駐車場に車を止め歩き出すと、大正2年に造られた「長屋門」が見えてきます。2015年に国の有形文化財に登録されたこの門は結界のような存在で、門をくぐると日常からかけ離れた別世界が広がっていました。

長屋門を抜けると、古松2本がその体を大きくくねらせ互いに寄り添う「夫婦松」が、客の到着を歓迎してくれているようです。
夫婦松をくぐり抜けると3000坪の庭園「松石園」が広がっています。黒松をはじめとする81本の樹木が美しく配置され、季節や時間によって異なる表情を見せてくれるため、夕暮れや早朝に何度も足を運びたくなります。

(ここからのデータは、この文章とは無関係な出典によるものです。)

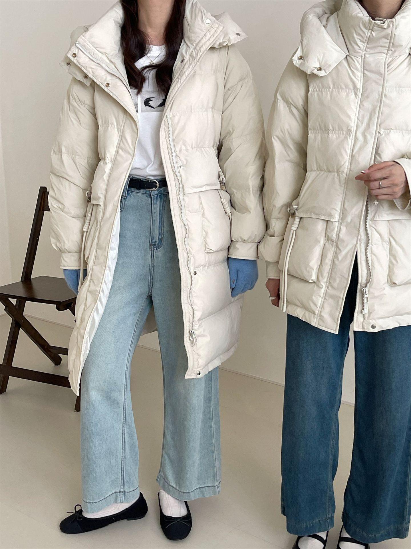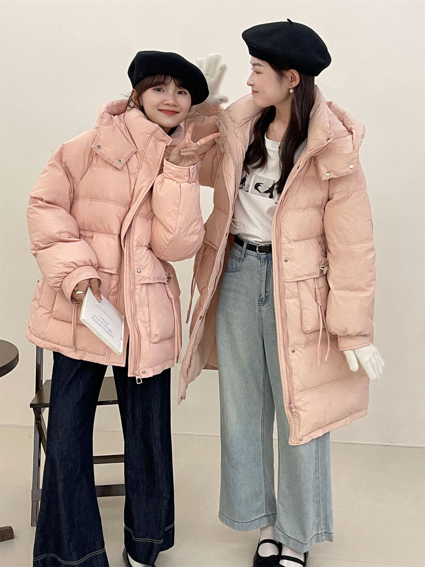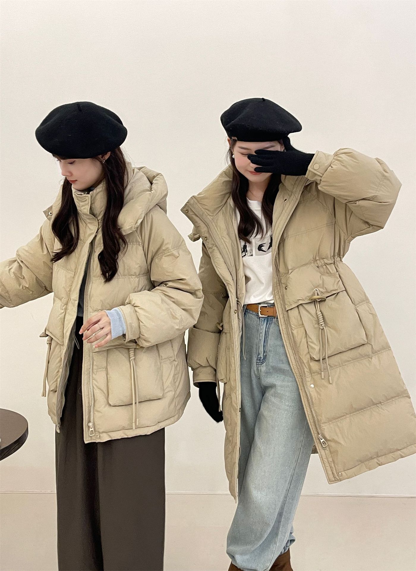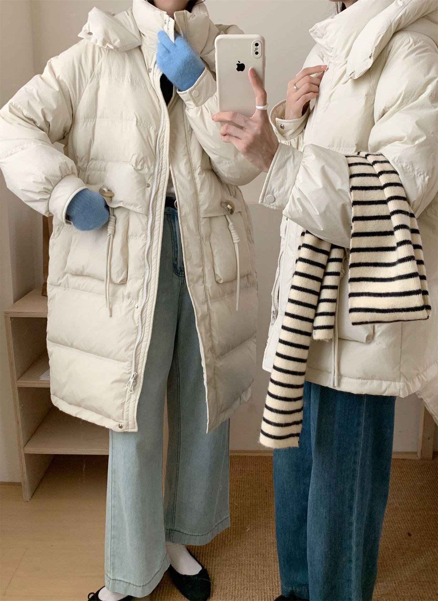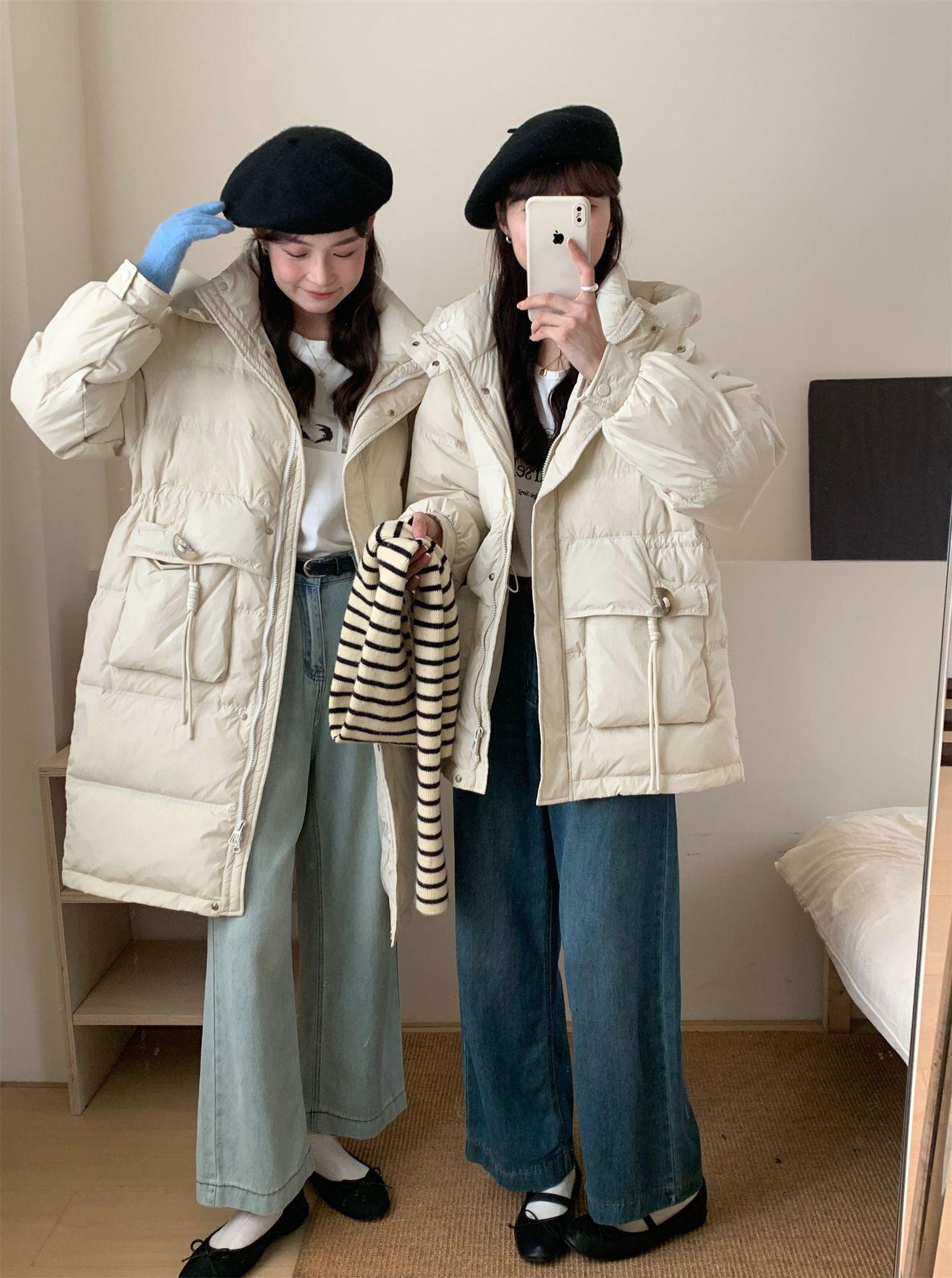 Chamarra corta de plumón con hebilla creciente para mujer Invierno Nuevo Estudiante con capucha Engrosada Cintura Adelgazante Look Plumón de pato blanco Chaqueta cálida

築110年を超える数寄屋造りの建造物は「茶亭」です。国の登録有形文化財で希望すればスタッフの方が案内してくれます。
茶亭は大阪の企業「ミツワ石鹸」の創業家2代目、三輪善兵衛が1913年(大正2年)に建てた別邸です。
ここは将棋のタイトル戦「棋聖戦」の対局会場として有名です。長年にわたり多くの名勝負の舞台となりました。将棋ファンには聖地とも言えます。

宿泊者のラウンジとして使用されている部屋は「昭和の間」と呼ばれ、戦後に復興会議や政治活動の拠点となったそうです。
部屋の窓から正面に見える長い年月を刻んだ古松が、この地の歴史を見守ってきたかのような風格をたたえています。
わずか8室の客室

2008年、宿泊棟の増築により沼津倶楽部は宿泊施設となりました。全室から眺めることのできる静けさをたたえた水盤と、庭園の緑が最高の癒し空間を創り出しています。
建築家・渡辺明さんによって設計され、駿河湾の波音と千本松原の風景に寄り添うよう設計されたそうです。

客室の玄関は全面がガラス張りでかなりオープンです。
扉を開けると外の空間と室内が一体化し、耳を澄ますと駿河湾の波音が聞こえてきます。

今回宿泊したのはデラックス畳ルームです。広々としたリビングの奥には和室の空間があり、いつでもゴロリと横になってくつろぐ事ができます。和と洋が融合し、落ち着いたモダン空間となっています。
他にもベッドタイプの部屋もあり、布団よりもベッド派という方にはおすすめです。

沼津スイートはバルコニーも広く、なんと露天風呂付です。天気が良ければ満点の星を見ながらのんびりと入浴できます。
デラックス畳ルームの内風呂は、木のぬくもりに包まれたやすらぎの空間となっています。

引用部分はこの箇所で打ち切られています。